## [Description of the task]
Below are records to be transcribed exactly; any pictures should be left out.

## [Supplied records]
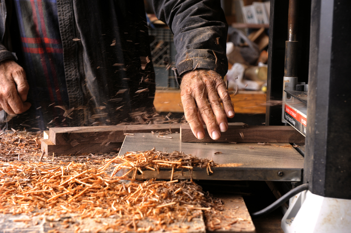 As Claude sands the first board of the day, his son, Jeff, walks in. Claude has been making these cutting boards for more than three years. The pieces, which combine cherry and walnut, often take two days to complete. Jeff has been helping him for nearly a month.
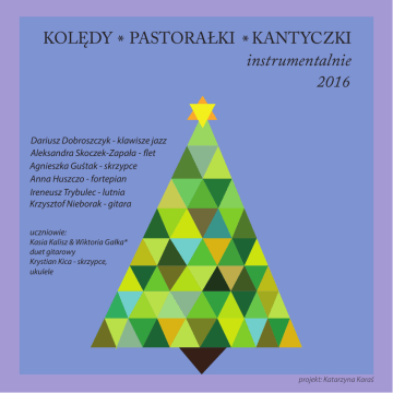 KOLĘDY * PASTORAŁKI * KANTYCZKI instrumentalnie 2016 Dariusz Dobroszczyk - klawisze jazz Aleksandra Skoczek-Zapała - flet Agnieszka Guśtak - skrzypce Anna Huszczo - fortepian Ireneusz Trybulec - lutnia Krzysztof Nieborak - gitara uczniowie: Kasia Kalisz & Wiktoria Gałka* duet gitarowy Krystian Kica - skrzypce, ukulele projekt: Katarzyna Karaś
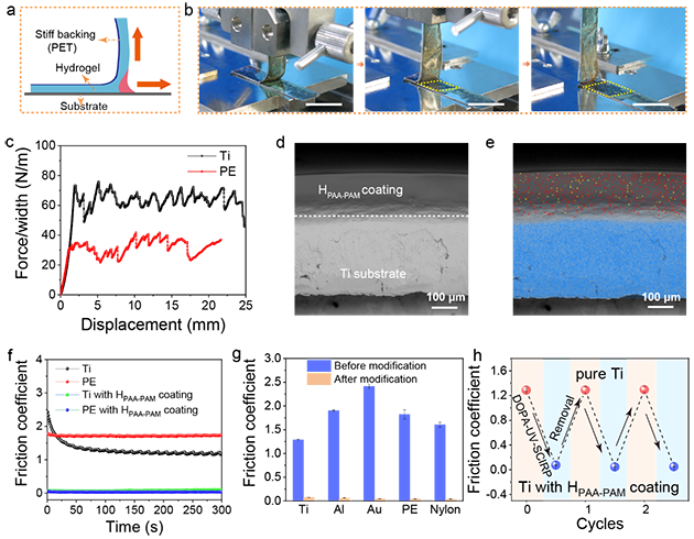 图3. 利用SIL@UV-SCIRP方法生长得到的水凝胶涂层与基材的结合力和润滑性能评价
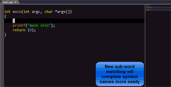 1、符号完成的子词模式匹配。这使得符号补全能够在子词上找到匹配的符号,例如,模式“house”可能匹配诸如“看家”、“DogHouse”、“GetHomeUserName”“HotOmeletsUsingSummerEggs”之类的符号
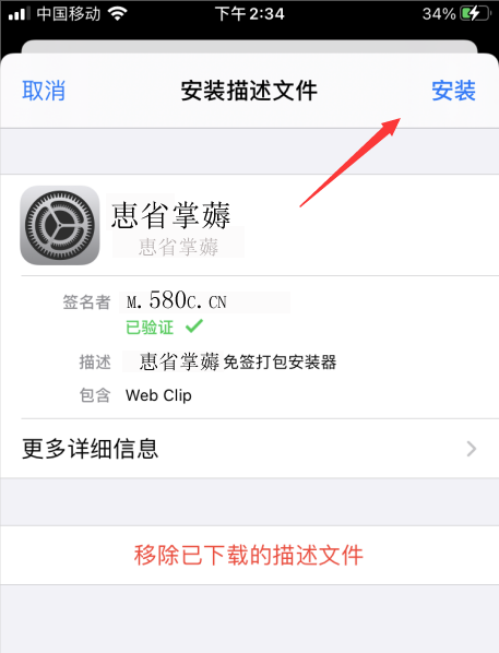 第一步 下载文件huihao.mobileconfig
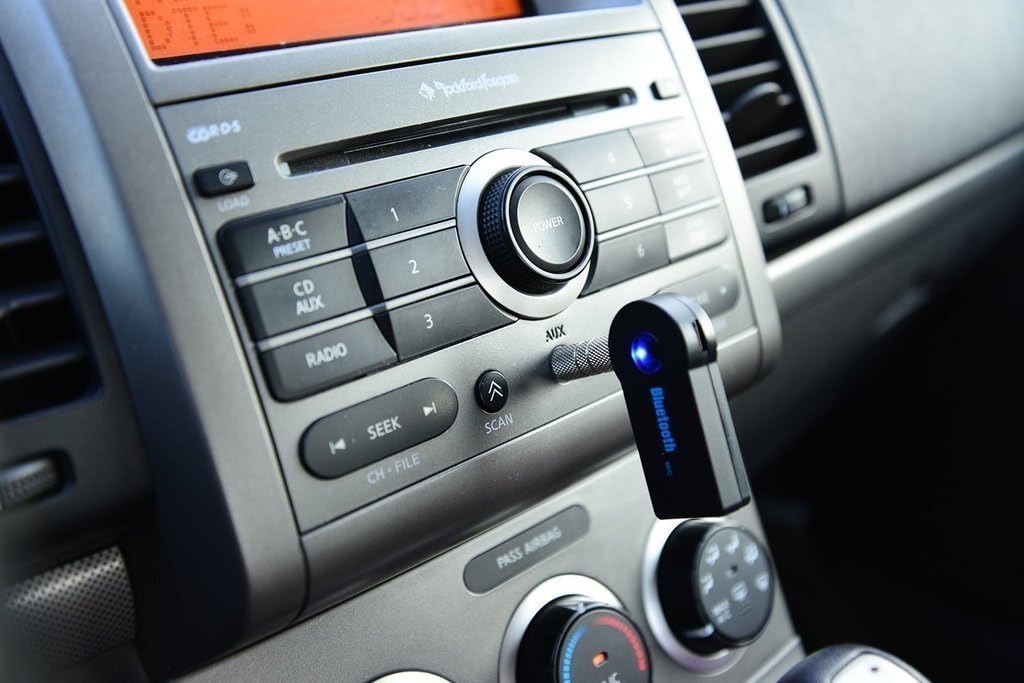 جهاز استقبال بلوتوث للسيارة بدون استخدام اليدين، محول ايه يو اكس بلوتوث 3.5 ملم لبث الموسيقى اللاسلكي للمنزل ونظام صوت السيارة وسماعة الراس ومكبر الصوت (بلوتوث 4.2، ايه 2 دي بي)
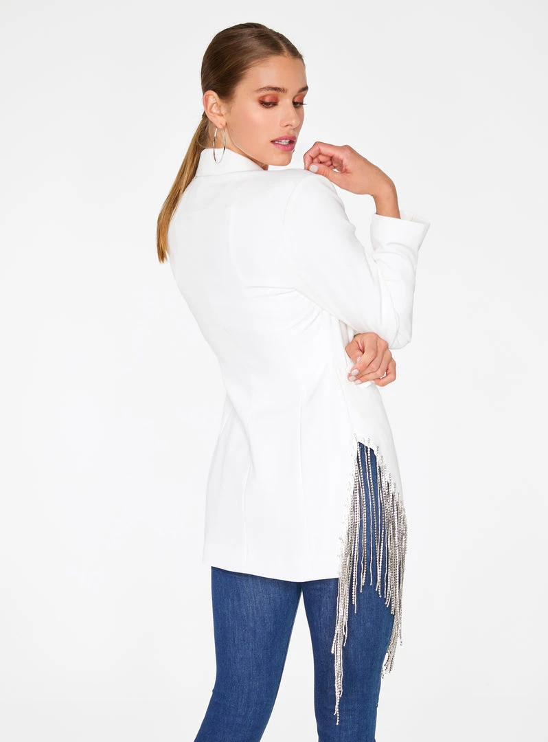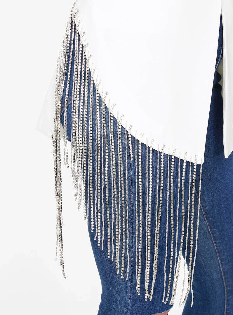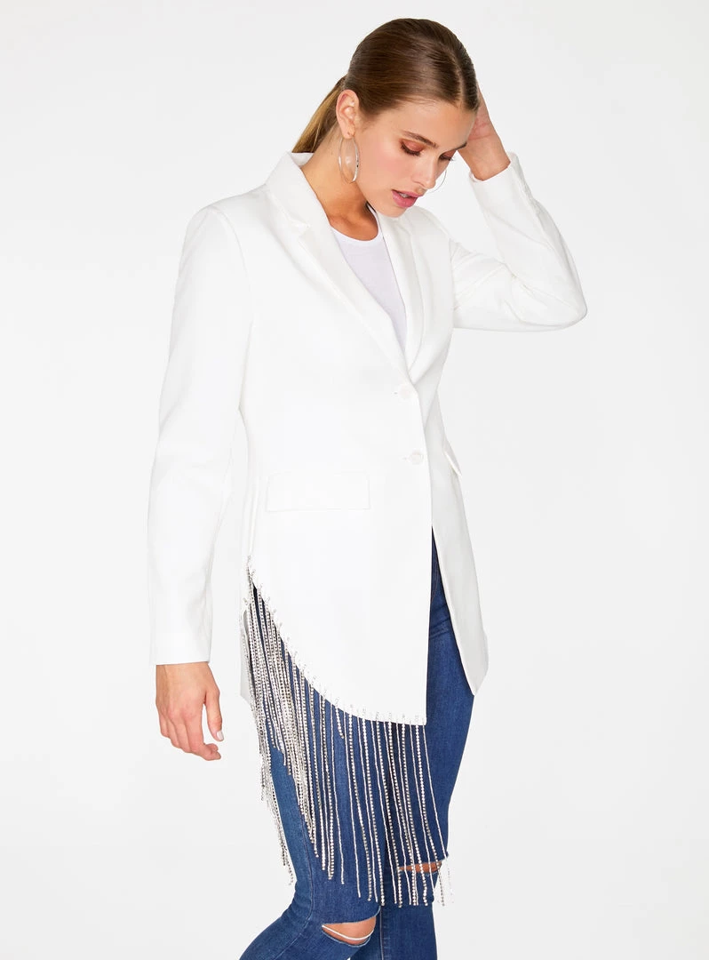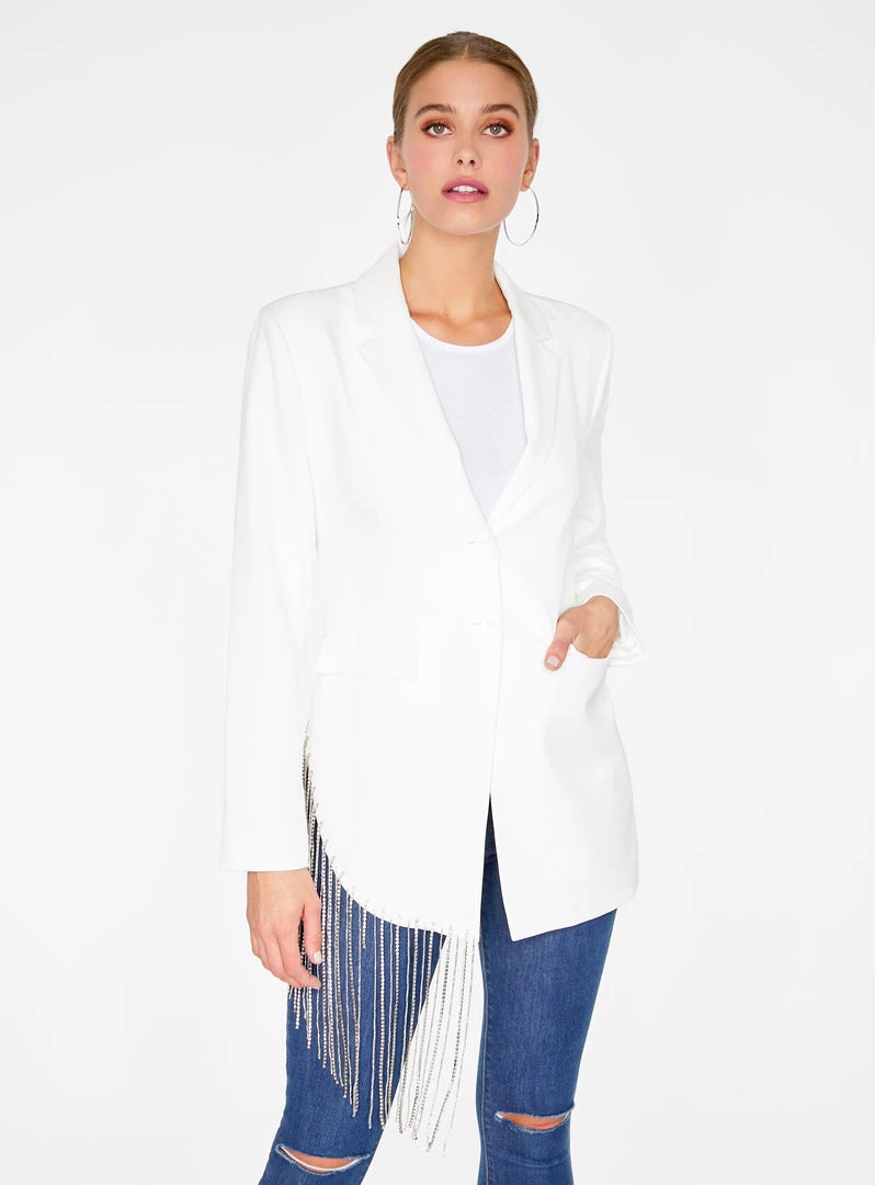 HeyYou Off White Beaded Fringe Asymmetrical Blazer
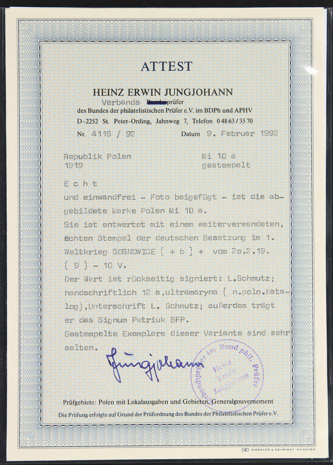 Stempel "SOSNOWICE (+b) 20.2.19", farbfrisch und gut gezähnt, einwandfrei, gest. selten angeboten, sign. L. Schmutz und hsl. Farbbestimmung "ultramarin", sign. Petriuk BPP und Fotoattest Jungjohann (ME 3.500,-) (Image) (imagea)
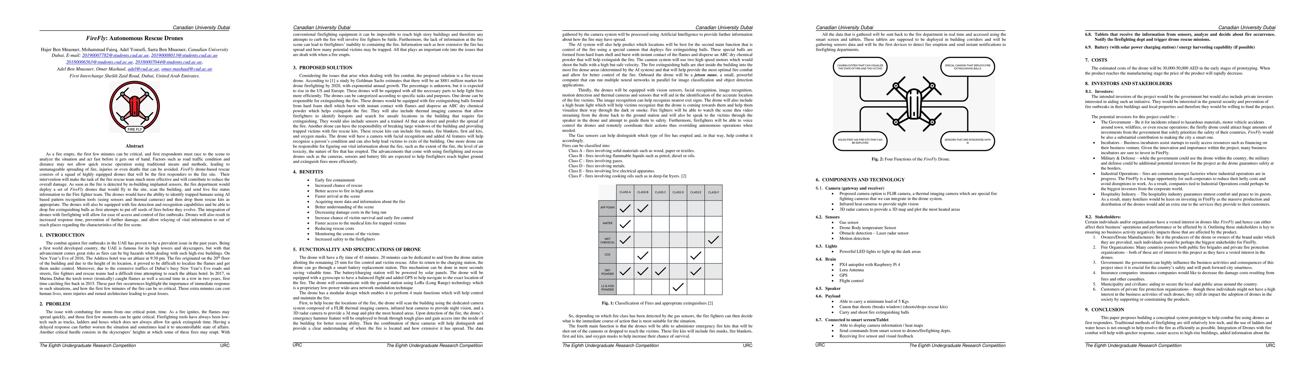 As a fire erupts, the first few minutes can be critical, and first respondents must race to the scene to analyze the situation and act fast before it gets out of hand. Factors such as road traffic condition and distance may not allow quick rescue operation using traditional means and methods, leading to unmanageable spreading of fire, injuries or even deaths that can be avoided. FireFly drone-based rescue consists of a squad of highly equipped drones that will be the first responders to the fire site. Their intervention will make the task of the fire rescue team much more effective and will contribute to reduce the overall damage. As soon as the fire is detected by in-building implanted sensors, the fire department would deploy a set of FireFly drones that would fly to the site, scan the building, and send live fire status information to the Fire fighter team. The drones would have the ability to identify trapped humans using AI based pattern recognition tools (using sensors and thermal cameras) and then drop them rescue kits as appropriate. The drones will also be equipped with fire detection and recognition capabilities and be able to drop fire extinguishing balls as first attempts to put off seeds of fires before they evolve. The integration of drones with firefighting will allow for ease of access and control of fire outbreaks. Drones will also result in increased response time, prevention of further damage, and allow relaying of vital information to out of reach places regarding the characteristics of the fire scene.

## [Result below]
 As Claude sands the first board of the day, his son, Jeff, walks in. Claude has been making these cutting boards for more than three years. The pieces, which combine cherry and walnut, often take two days to complete. Jeff has been helping him for nearly a month.
 KOLĘDY * PASTORAŁKI * KANTYCZKI instrumentalnie 2016 Dariusz Dobroszczyk - klawisze jazz Aleksandra Skoczek-Zapała - flet Agnieszka Guśtak - skrzypce Anna Huszczo - fortepian Ireneusz Trybulec - lutnia Krzysztof Nieborak - gitara uczniowie: Kasia Kalisz & Wiktoria Gałka* duet gitarowy Krystian Kica - skrzypce, ukulele projekt: Katarzyna Karaś
 图3. 利用SIL@UV-SCIRP方法生长得到的水凝胶涂层与基材的结合力和润滑性能评价
 1、符号完成的子词模式匹配。这使得符号补全能够在子词上找到匹配的符号,例如,模式“house”可能匹配诸如“看家”、“DogHouse”、“GetHomeUserName”“HotOmeletsUsingSummerEggs”之类的符号
 第一步 下载文件huihao.mobileconfig
 جهاز استقبال بلوتوث للسيارة بدون استخدام اليدين، محول ايه يو اكس بلوتوث 3.5 ملم لبث الموسيقى اللاسلكي للمنزل ونظام صوت السيارة وسماعة الراس ومكبر الصوت (بلوتوث 4.2، ايه 2 دي بي)
 HeyYou Off White Beaded Fringe Asymmetrical Blazer
 Stempel "SOSNOWICE (+b) 20.2.19", farbfrisch und gut gezähnt, einwandfrei, gest. selten angeboten, sign. L. Schmutz und hsl. Farbbestimmung "ultramarin", sign. Petriuk BPP und Fotoattest Jungjohann (ME 3.500,-) (Image) (imagea)
 As a fire erupts, the first few minutes can be critical, and first respondents must race to the scene to analyze the situation and act fast before it gets out of hand. Factors such as road traffic condition and distance may not allow quick rescue operation using traditional means and methods, leading to unmanageable spreading of fire, injuries or even deaths that can be avoided. FireFly drone-based rescue consists of a squad of highly equipped drones that will be the first responders to the fire site. Their intervention will make the task of the fire rescue team much more effective and will contribute to reduce the overall damage. As soon as the fire is detected by in-building implanted sensors, the fire department would deploy a set of FireFly drones that would fly to the site, scan the building, and send live fire status information to the Fire fighter team. The drones would have the ability to identify trapped humans using AI based pattern recognition tools (using sensors and thermal cameras) and then drop them rescue kits as appropriate. The drones will also be equipped with fire detection and recognition capabilities and be able to drop fire extinguishing balls as first attempts to put off seeds of fires before they evolve. The integration of drones with firefighting will allow for ease of access and control of fire outbreaks. Drones will also result in increased response time, prevention of further damage, and allow relaying of vital information to out of reach places regarding the characteristics of the fire scene.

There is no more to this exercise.